High systemic levels of interleukin-10, interleukin-22 and C-reactive protein in Indian patients are associated with low in vitro replication of HIV-1 subtype C viruses - PubMed (original) (raw)
High systemic levels of interleukin-10, interleukin-22 and C-reactive protein in Indian patients are associated with low in vitro replication of HIV-1 subtype C viruses
Juan F Arias et al. Retrovirology. 2010.
Abstract
Background: HIV-1 subtype C (HIV-1C) accounts for almost 50% of all HIV-1 infections worldwide and predominates in countries with the highest case-loads globally. Functional studies suggest that HIV-1C is unique in its biological properties, and there are contradicting reports about its replicative characteristics. The present study was conducted to evaluate whether the host cytokine environment modulates the in vitro replication capacity of HIV-1C viruses.

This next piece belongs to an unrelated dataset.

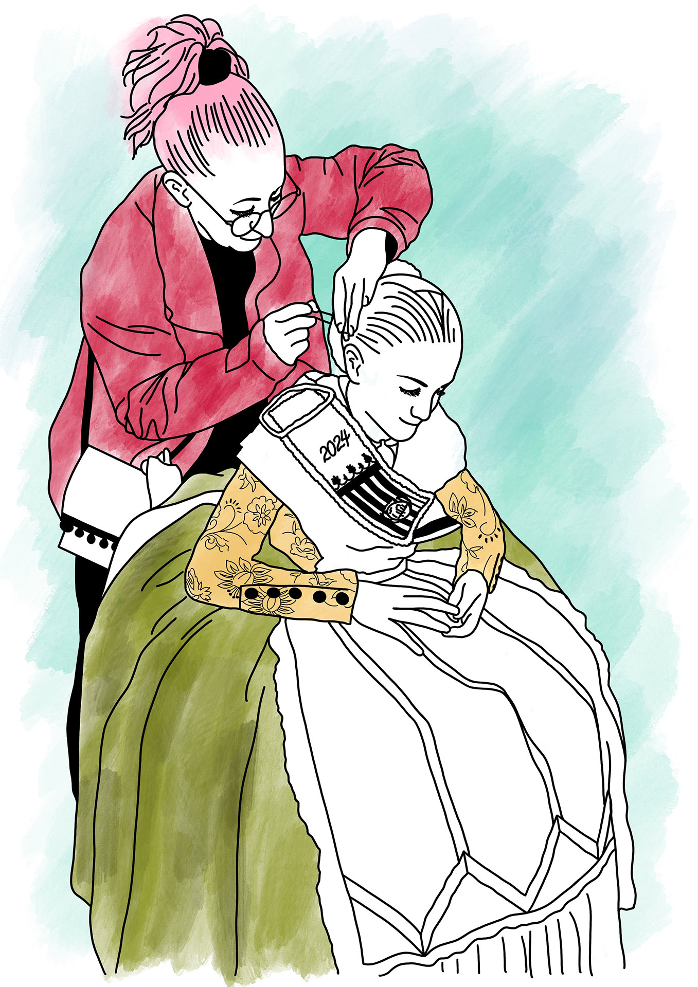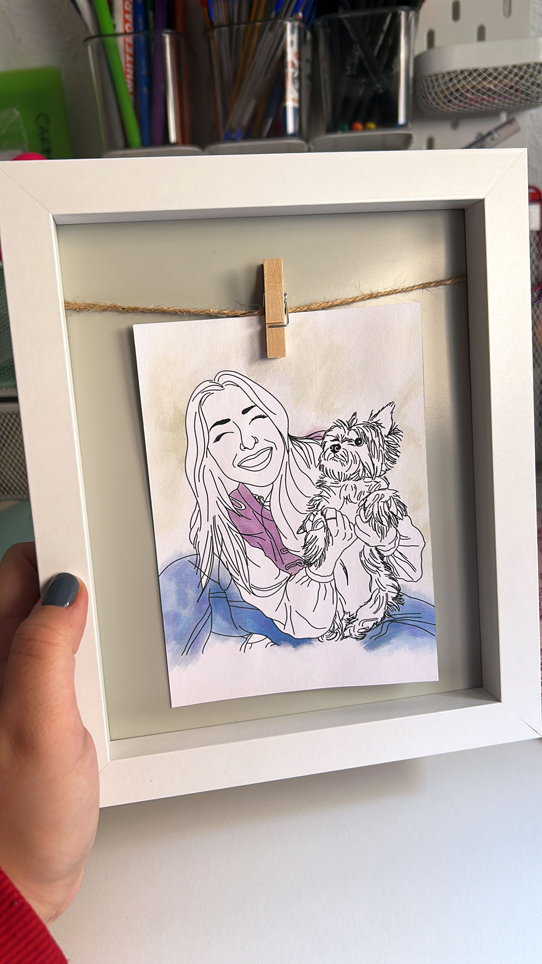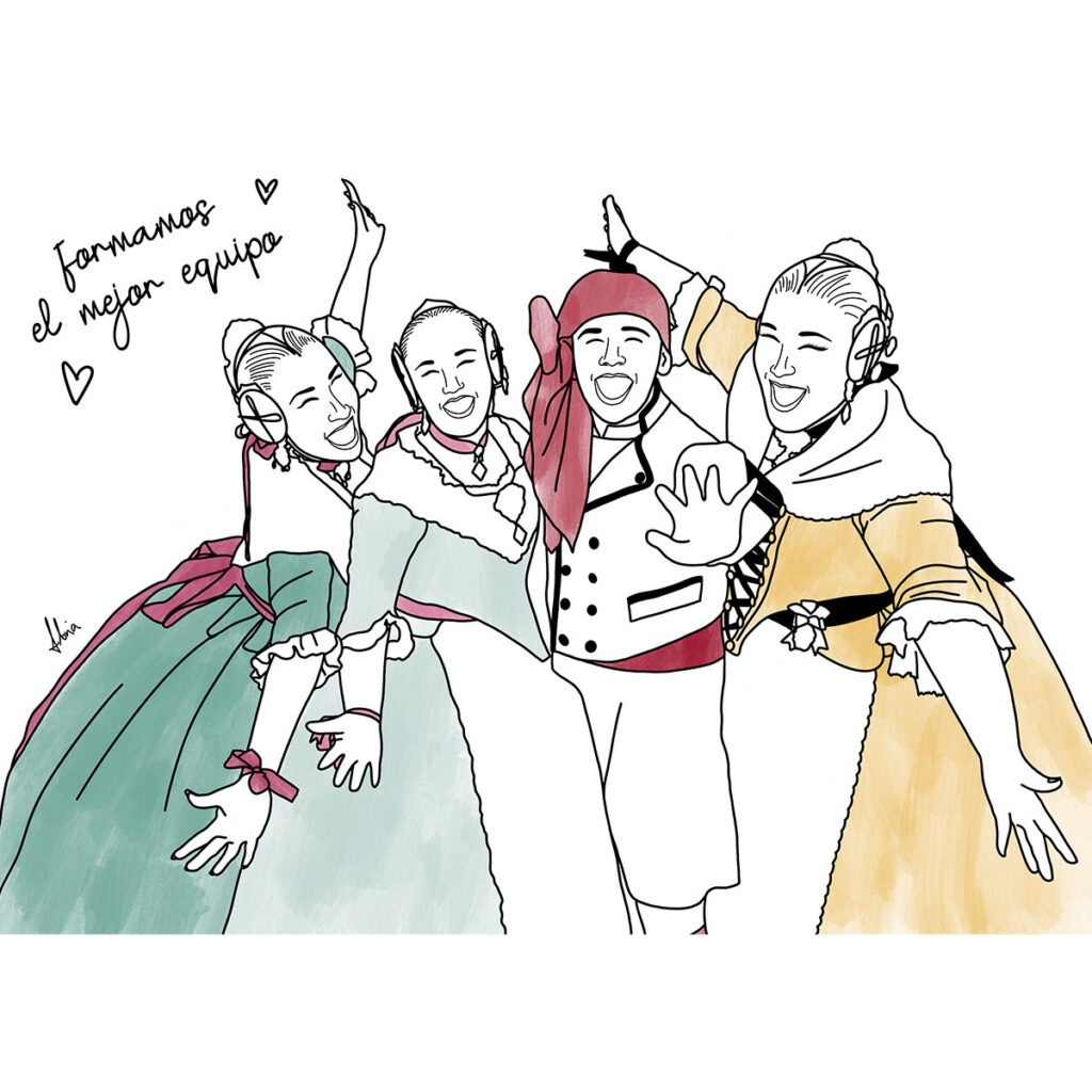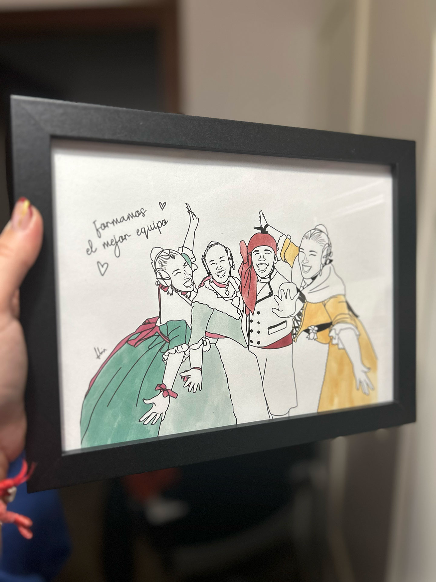 ¿Te mola la idea de hacer un regalo original pero con ese toque moderno y elegante? Pues nuestra ilustración a línea es justo lo que necesitas. Es un retrato chulísimo, dibujado con un estilo limpio y que sienta genial en cualquier pared. Puedes incluir a tu gente favorita ¡y también a tus mascotas! Y sí, si buscas un detalle para esas Falleras Mayores o Infantiles, un recuerdo artístico y fino de su gran año.

Methods: A small subset of HIV-1C isolates showing efficient replication in peripheral blood mononuclear cells (PBMC) is described, and the association of in vitro replication capacity with disease progression markers and the host cytokine response was evaluated. Viruses were isolated from patient samples, and the corresponding in vitro growth kinetics were determined by monitoring for p24 production. Genotype, phenotype and co-receptor usage were determined for all isolates, while clinical category, CD4 cell counts and viral loads were recorded for all patients. Plasmatic concentrations of cytokines and, acute-phase response, and microbial translocation markers were determined; and the effect of cytokine treatment on in vitro replication rates was also measured.

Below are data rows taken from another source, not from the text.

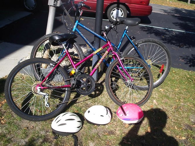 成人26" 自行车, [FONT="]Color[/FONT][FONT="] Blue [/FONT],带[FONT="] Mountain [/FONT]把手!$35;自行车安全帽, $1, (Red bike already sold)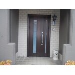 既設の玄関は袖付き片開きドアになっており、カバー工法用の商品で袖部分も開閉できるように親子ドアにしました。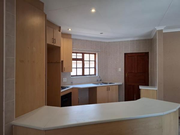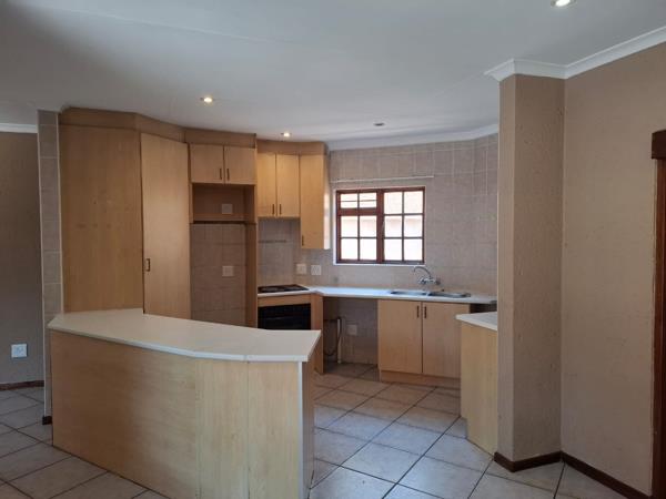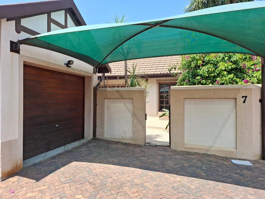 Charming unit for sale in the secure complex of The Tudors. Sunny open plan lounge and dining area opening up into the garden. Kitchen with ample cupboard space facing the living area so you can enjoy cooking while chatting with your family. Two of the bedrooms have en-suite bathrooms and the third bedroom could also be used as study. Garage and carport with an extra parking so there is more than enough for spots for you to park.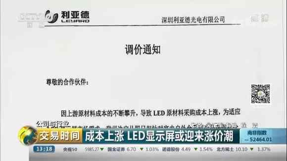 由于成本上漲,下游的LED顯示屏企業(yè)也紛紛發(fā)出漲價通知。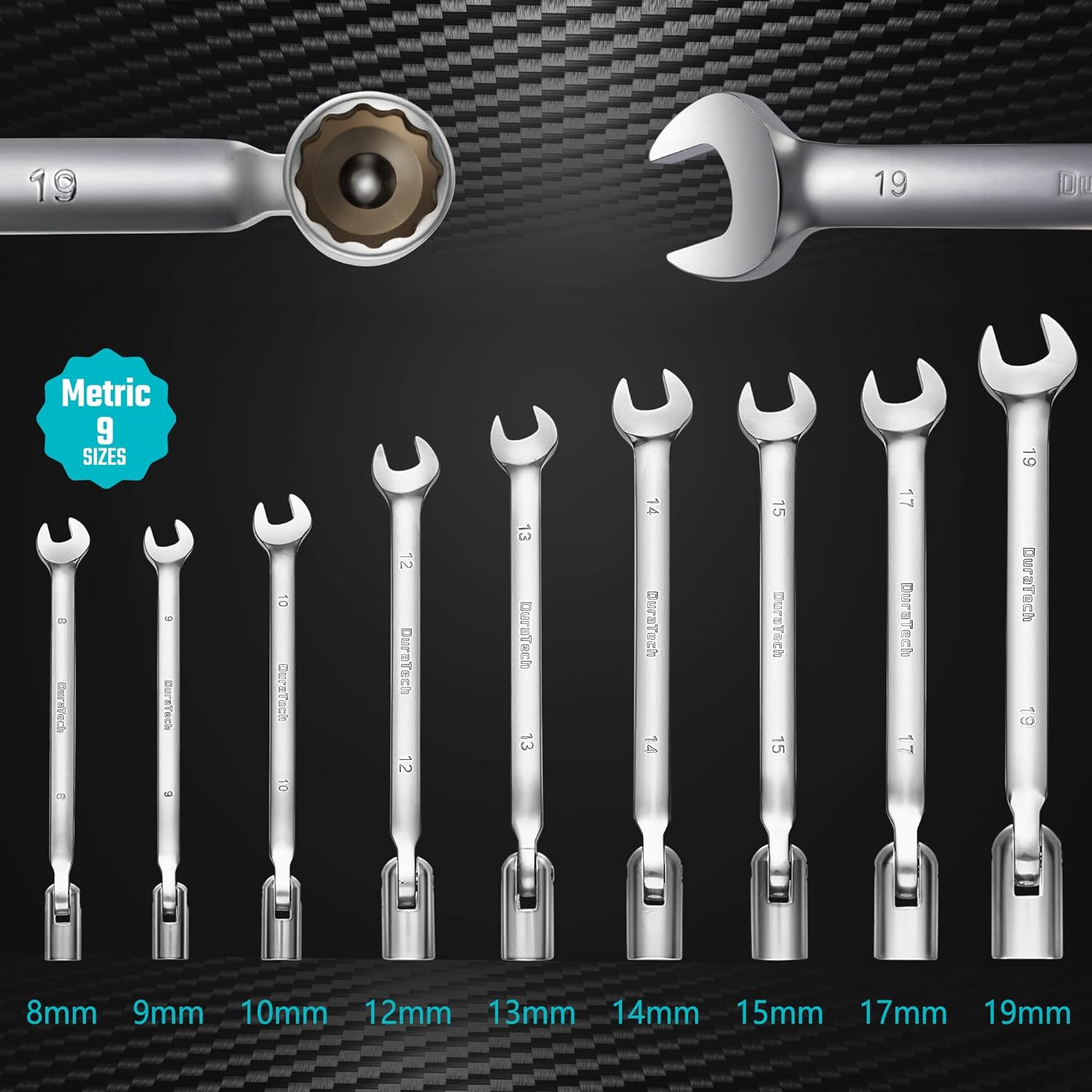 - 【Spezifikationen】 Die Schlüsselweiten vom 9-Teiligem Schraubenschlüssel-Satz sind zur leichteren Identifizierung auf beiden Seiten des Griffs doppelt eingestanzt: 8mm, 9mm, 10mm, 12mm, 13mm, 14mm, 15mm, 17mm, 19mm. Perfekt für Anfänger oder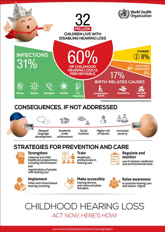 - 50% of hearing loss is preventable through public actions such as immunization, healthy ear and hearing care habits, and effective treatment for both acute and chronic ear conditions

Results: We identified a small number of viral isolates showing high in vitro replication capacity in healthy-donor PBMC. HIV-1C usage of CXCR4 co-receptor was rare; therefore, it did not account for the differences in replication potential observed. There was also no correlation between the in vitro replication capacity of HIV-1C isolates and patients' disease status. Efficient virus growth was significantly associated with low interleukin-10 (IL-10), interleukin-22 (IL-22), and C-reactive protein (CRP) levels in plasma (p < .0001). In vitro, pretreatment of virus cultures with IL-10 and CRP resulted in a significant reduction of virus production, whereas IL-22, which lacks action on immune cells appears to mediate its anti-HIV effect through interaction with both IL-10 and CRP, and its own protective effect on mucosal membranes.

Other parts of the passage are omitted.